Mindfulness Yoga
Table of Contents
Title Page
PUBLISHER’S ACKNOWLEDGMENT
Foreword
Acknowledgements
HOW TO USE THIS BOOK
SOME WORDS ABOUT THE ASANAS
A WORD ABOUT WORDS
Introduction
INTERLUDE
PART ONE - PUTTING IT IN CONTEXT
CHAPTER ONE - THE BUDDHA’S YOGA
CHAPTER TWO - THE YOGA PRACTICE OF THE FOUR NOBLE TRUTHS
CHAPTER THREE - THE EIGHTFOLD PATHS
Living The Precepts
The Five Mindfulness Trainings
Right Consumption
PART TWO - CULTIVATING MINDFULNESS: REMEMBERING THE PRESENT
CHAPTER FOUR - WHAT IS MINDFULNESS?
CHAPTER FIVE - BEGINNING MINDFULNESS MEDITATION
Sitting Meditation
CHAPTER SIX - AN INTRODUCTION TO THE SUTRAS
PART THREE - THE PRACTICE OF MINDFULNESS YOGA
CHAPTER SEVEN - BODY AS BODY
MINDFULNESS YOGA: SEQUENCE ONE
CHAPTER EIGHT - FEELINGS AS FEELINGS
MINDFULNESS YOGA: SEQUENCE TWO
CHAPTER NINE - MINDFULLY AWARE OF THE MIND
MINDFULNESS YOGA: SEQUENCE THREE
CHAPTER TEN - AWARENESS OF OBJECTS OF MIND: DHARMAS IN THE DHARMAS
MINDFULNESS YOGA: SEQUENCE FOUR
APPENDIX A: - THE SEVEN FACTORS OF AWAKENING
APPENDIX B: - TEXT OF SUTRA ON THE FULL AWARENESS OF BREATHING
APPENDIX C: - ESTABLISHING YOUR SEAT
APPENDIX D: - ALPHABETICAL LIST OF POSES
NOTES
SUGGESTED RESOURCES
INDEX
ABOUT WISDOM
Copyright Page
With breath, body, and mind
I send my heart along with these words.
May all who read them awaken from forgetfulness, and,
realizing the true nature of no separate self,
transcend the path of fear, sorrow, and anxiety.
May all beings be free.
PUBLISHER’S ACKNOWLEDGMENT
The Publisher gratefully acknowledges the generous help of the Hershey Family Foundation in sponsoring the publication of this book.
FOREWORD
I LIKE TO KEEP INFORMED about my various fields of interest, especially the yoga tradition, but few of hundreds of publications that cross my desk each year succeed in holding my attention for long.
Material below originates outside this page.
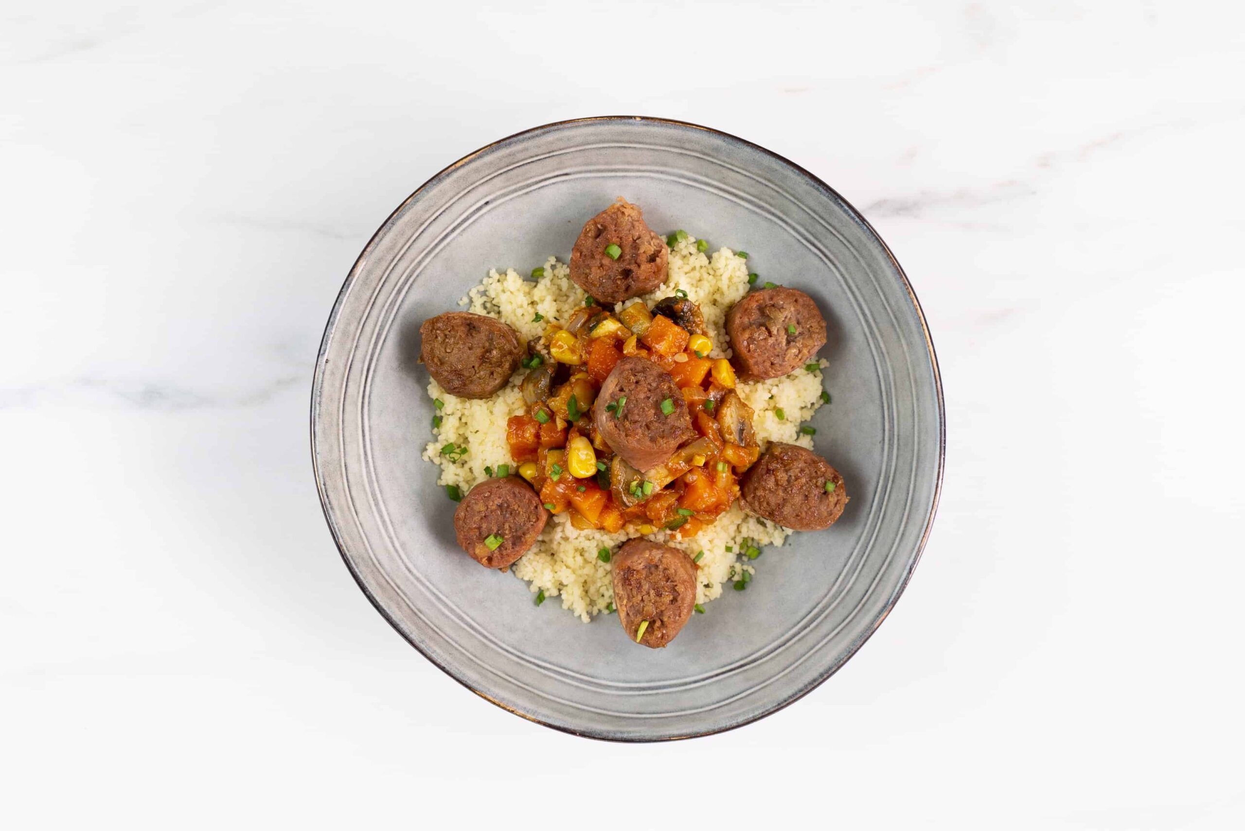 11. Para emplatar, colocar un poco de cuscús en la base del plato y encima de este, la salsa de verduras con las Sausage Beyond. Decorar con cebollino picado por encima.

Now and then, however, the weekly influx of books and manuscripts includes a work that is truly worthwhile and captivates me. Frank Jude Boccio’s Mindfulness Yoga is such a work.
I am happy about this for two reasons. First, this book addresses a subject matter that is important and timely, and second, I have had the pleasure of Frank Jude’s recent participation in the first seven-hundred-hour teacher-training program offered by Yoga Research and Education Center. His quiet presence, unobtrusive service, and thoughtful observations contributed significantly to the quality of our program, and I have since come to value him as a heartfelt Dharma brother. When he asked me to write this foreword, I happily agreed to do so.
It makes sense in a foreword to a book such as this to begin with some personal remarks. When, at the age of fourteen, I discovered the incredibly rich world of yoga, I knew I had found my spiritual home. Three or four years later, it became obvious to me that I should and indeed would dedicate my personal and professional life to exploring yoga’s ancient heritage. I wrote my first book—on yoga, of course—at the age of nineteen, and since then have authored many more on this and related subjects. At that time, I also encountered Buddhism for the first time and was impressed with the formidable clarity and perceptiveness of the Buddha’s Dharma and came to hold Buddha and his teaching in the highest esteem. Yet I turned to Hindu yoga for my practice and study, because I felt that it would be more accessible for a budding scholar/writer/practitioner like myself.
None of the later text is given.